Um estudo demonstrou que 72% dos moradores de São Paulo não têm anticorpos e estão mais vulneráveis ao vírus da dengue.
Em capitais como Curitiba, a vulnerabilidade chega próximo dos 90%, o que pode intensificar ainda mais a epidemia que atingiu o nível mais grave registrado em 2024, com 5,7 mil mortes confirmadas e 6 milhões de infecções suspeitas no país.
A conclusão é de uma análise da FMUSP (Faculdade de Medicina da Universidade de São Paulo) a partir da coleta de sangue de doadores em sete capitais.
Na maioria das cidades analisadas, os doadores não tiveram contato com a chikungunya, vírus também transmitido pelo Aedes aegypti, que até agosto deste ano fez mais vítimas do que em todo o ano de 2023. Já até novembro, a doença fez 201 vítimas. Em 2023, foram 122, de acordo com acompanhamento feito mensalmente pelo Ministério da Saúde.
Em Manaus, 96% das análises demonstraram doadores com ausência de anticorpos contra a chikungunya. Em São Paulo, foram 98% e, em Curitiba, 99,5%. No Rio de Janeiro, 79,5% não têm anticorpos.
No total, foram coletadas 1.600 amostras em novembro de 2023 e junho de 2024. A investigação mirou em anticorpos tipo IgG (Imunoglobulina G) para dengue e chikungunya e imunoglobulina tipo M para dengue. A pesquisa, então, calculou a proporção da população suscetível à infecção.
O organismo sem o contato com o vírus é mais suscetível à doença, o que pode propagar os efeitos da epidemia pelo país.
Em capitais como Belo Horizonte, apenas 31% das amostras indicaram a ausência de anticorpos para a dengue e 38% para a chikungunya, mas a porcentagem também é analisada com cautela pelos autores.
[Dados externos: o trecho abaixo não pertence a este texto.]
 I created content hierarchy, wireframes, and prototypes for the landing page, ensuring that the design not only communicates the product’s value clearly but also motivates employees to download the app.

Não à toa, o estado mineiro liderou o número de casos da doença neste ano, com mais de 160 mil infecções.
A Saúde e os infectologistas relacionam o aumento das doenças chamadas arboviroses com as mudanças climáticas.
Um estudo divulgado em setembro na revista PLOS Neglected Tropical Diseases (doenças tropicais negligenciadas) ,a partir de dados de 645 municípios de São Paulo entre 2008 e 2018, concluiu que fenômenos meteorológicos, como o El Niño, estão conectados ao aumento de casos no país.
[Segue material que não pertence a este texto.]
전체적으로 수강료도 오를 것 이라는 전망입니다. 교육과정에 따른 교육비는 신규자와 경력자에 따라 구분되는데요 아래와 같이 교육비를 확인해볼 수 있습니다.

O El Niño aumenta a temperatura do oceano Pacífico devido à diminuição da intensidade dos ventos. A circulação atmosférica é alterada de forma anormal pelo evento, elevando a umidade e temperatura em várias regiões do planeta. O estudo calcula que temperaturas acima de 23 °C e volume de chuvas acima de 153 milímetros aumentam a reprodução do mosquito.
A estratégia da Saúde para tentar eliminá-lo tem sido a liberação de mosquitos inférteis geneticamente modificados —medida controversa para especialistas—, instalação de armadilhas para matar larvas e a borrifação de inseticidas.
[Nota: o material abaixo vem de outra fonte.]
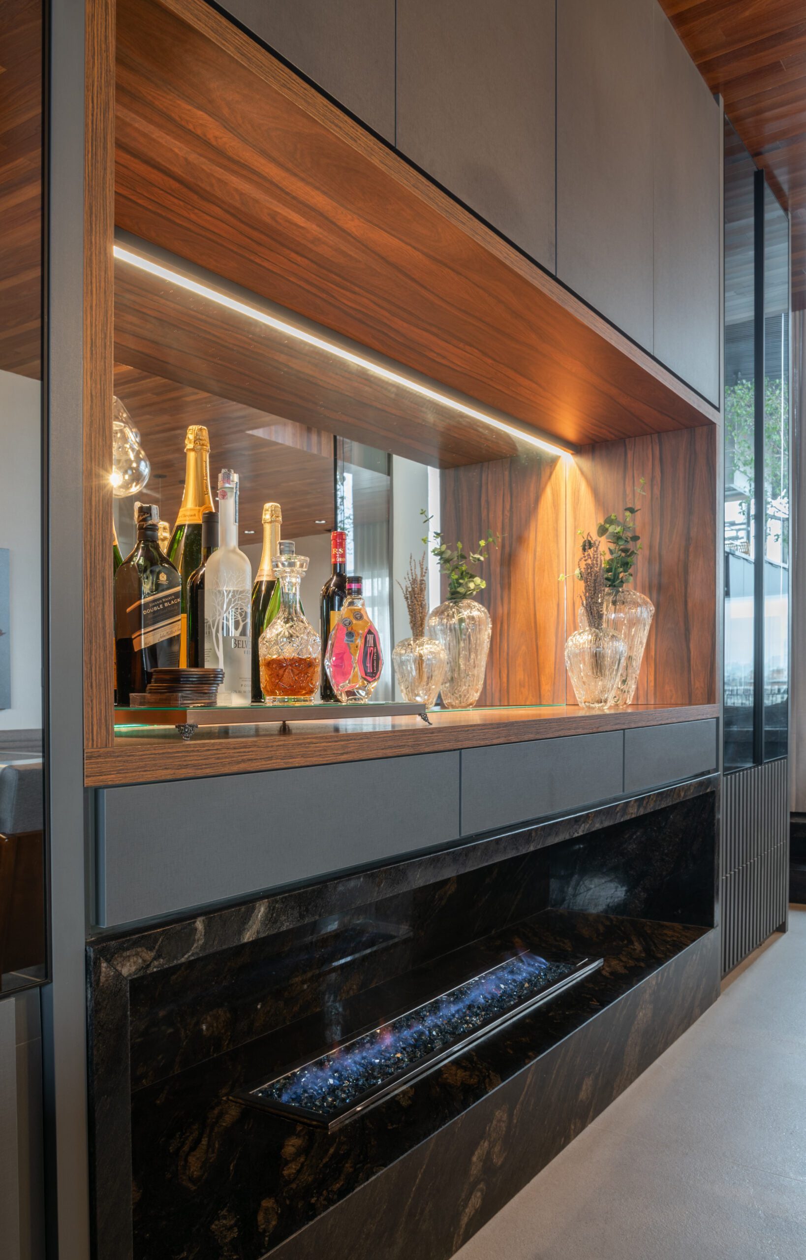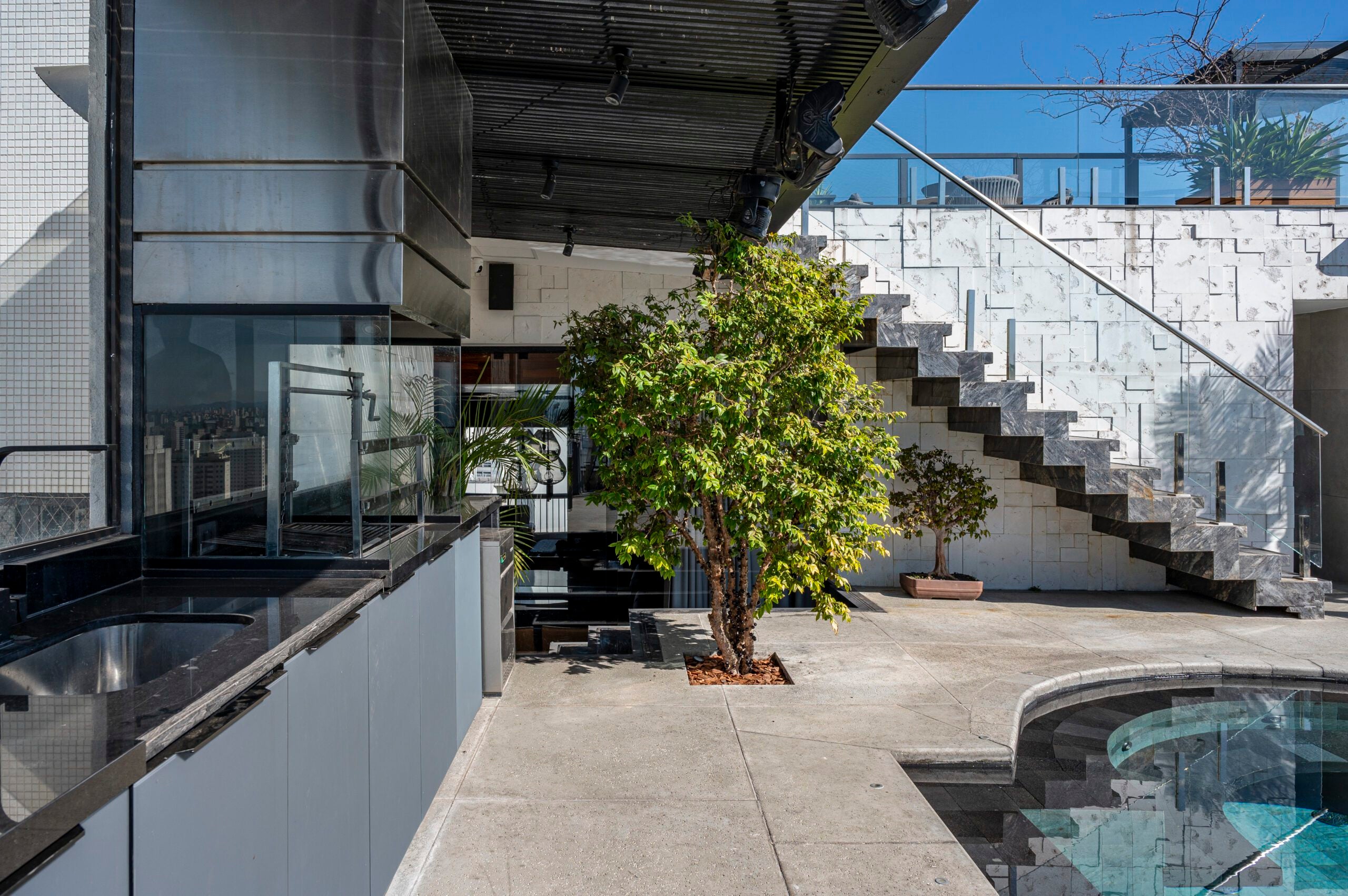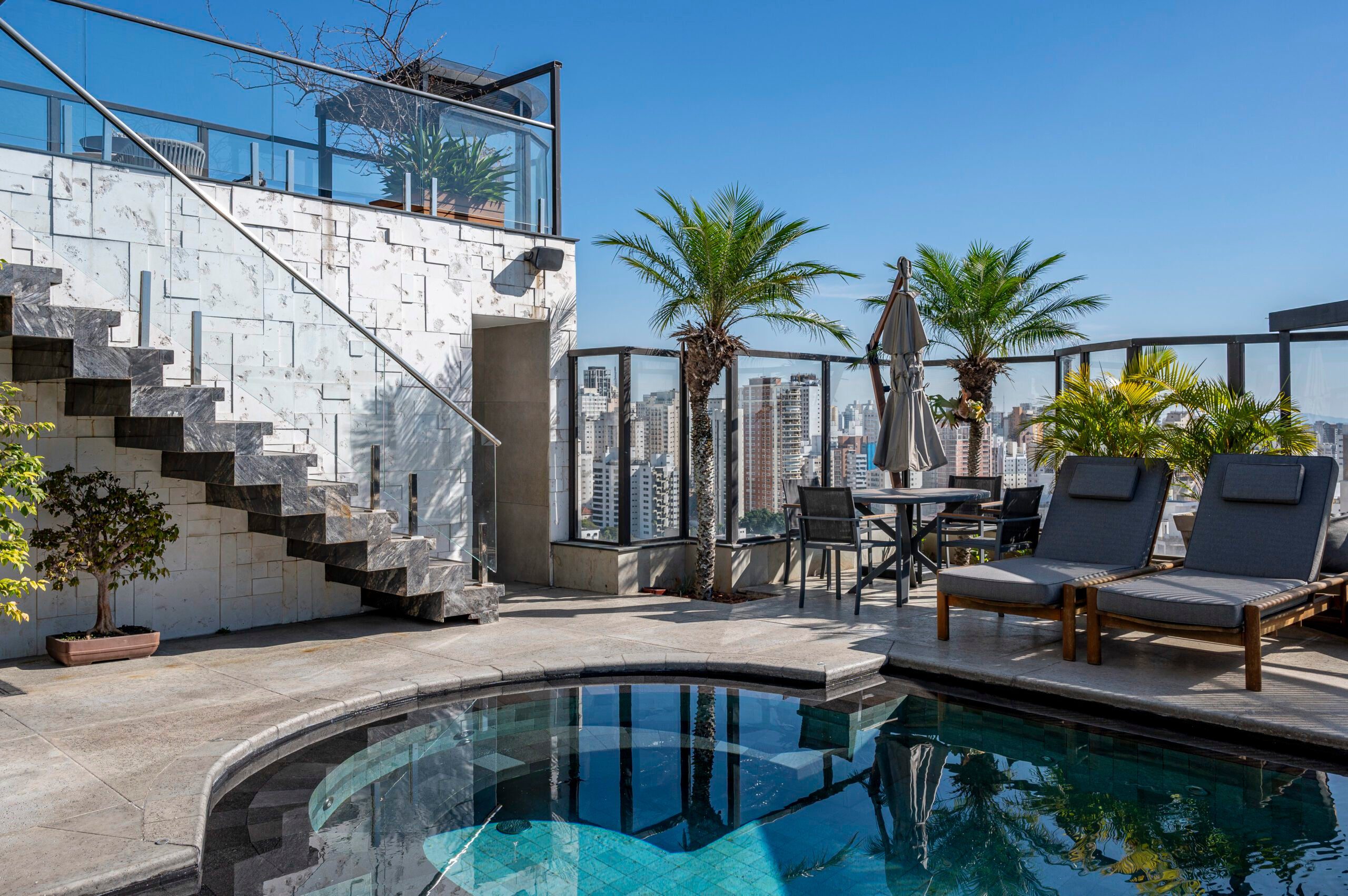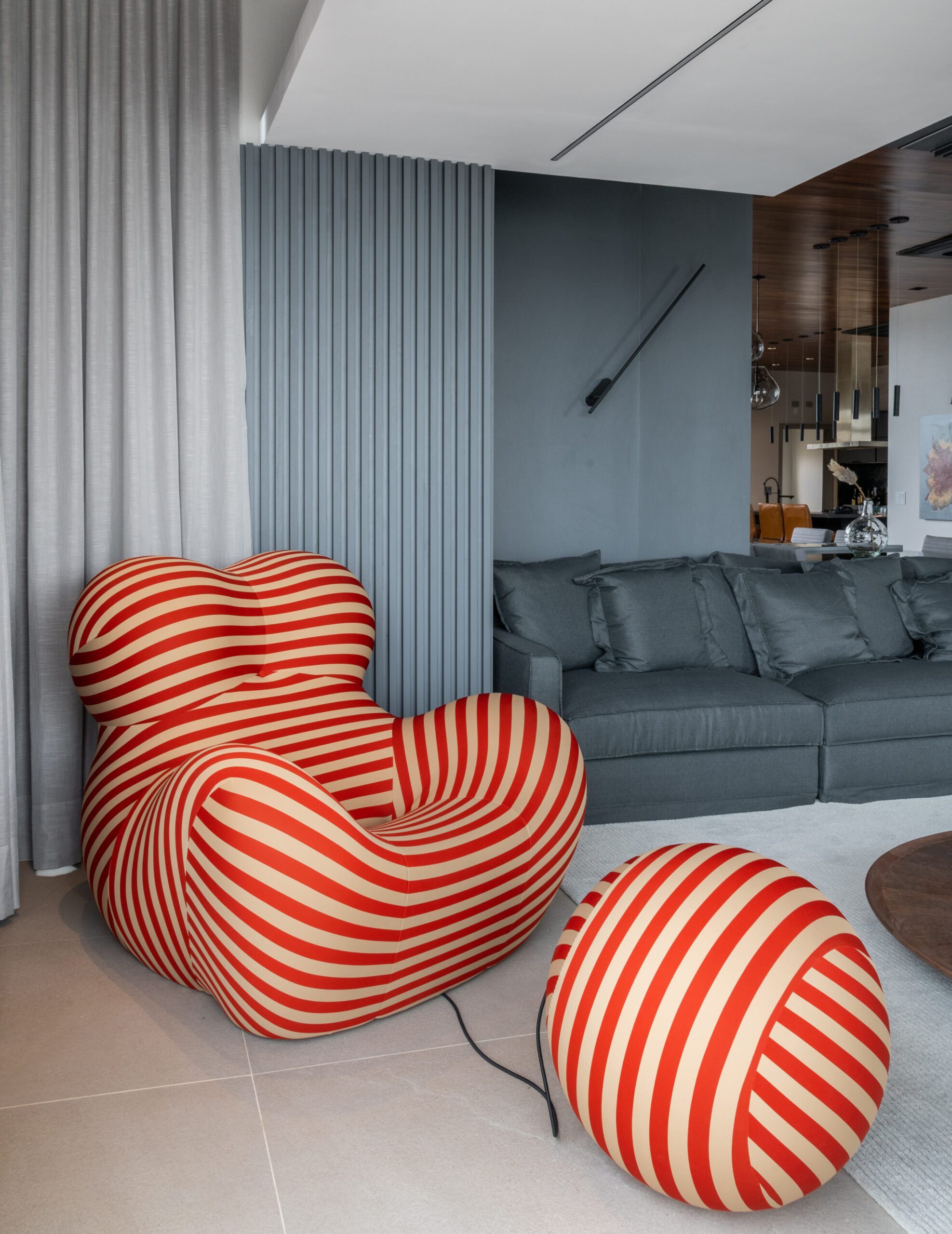 O teto em madeira, combinado ao piso em tom de concreto, trouxe aconchego e sofisticação, reforçando o contraste com elementos mais sóbrios como a escada em pedra Matrix Gold e o tijolinho aparente da cozinha. O décor valoriza peças assinadas, como a icônica poltrona Up de Gaetano Pesce, as mesas Twist e o banco Cheig de Jader Almeida, além dos quadros de Rita Duarte, que dialogam com a atmosfera contemporânea do espaço.

“Saber a suscetibilidade de uma população é importante para que o poder público possa se preparar para enfrentar as futuras emergências sanitárias e destinar recursos humanos e financeiros adequados para combatê-las”, afirma em nota a infectologia Ester Sabino, coordenadora do estudo e professora titular da FMUSP.